When you name your wedding decoration company after a woman who killed herself rather than get married...

This gem of insight from 1985 was actually published as a peer-reviewed paper. Seriously?
The Taiwan Independence Movement (TIM) developed out of the circumstances that followed the restoration of Taiwan to the sovereign jurisdiction of the Republic of China in 1945. Tensions betwen mainland‐born Chinese and the local‐born Chinese produced a revolutionary “national liberation movement” that has become increasingly “Maoist” in orientation. Originally following an orthodox “Marxist” revolutionary strategy, the failure of the TIM to win support among the Chinese of Taiwan has led its leadership to make recourse to terrorist tactics. The change is understood to be the consequence of the failure of political persuasion and the inability of the revolutionary leadership to win support in an environment of expanding economic opportunity and surprisingly equitable distribution of welfare benefits.
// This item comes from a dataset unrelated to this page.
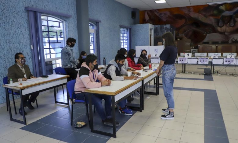 Estudiantes y docentes ejercen su derecho al voto durante el proceso de auscultación que se lleva a cabo en la Universidad Autónoma de Querétaro (UAQ), mismo que inició a las 8:00 horas y permanecerá hasta las 20:00 horas de este día, y que forma parte del Proceso de Elección de Rector(a) para el periodo 2021-2024.

Every factual assertion in the abstract is comprehensively wrong. But it does show what kind of incredible slant the Taiwan democracy movement had to overcome. It should also be read as a warning about what kind of sewage is flowing out of China. Consider this epic on Chinese expansion in the South China Sea that also made it into a refereed journal with the same publisher. Just read the abstract and you will know how awful the remainder is... or this one which asserts that Spratly visited the Spratlys before he was born.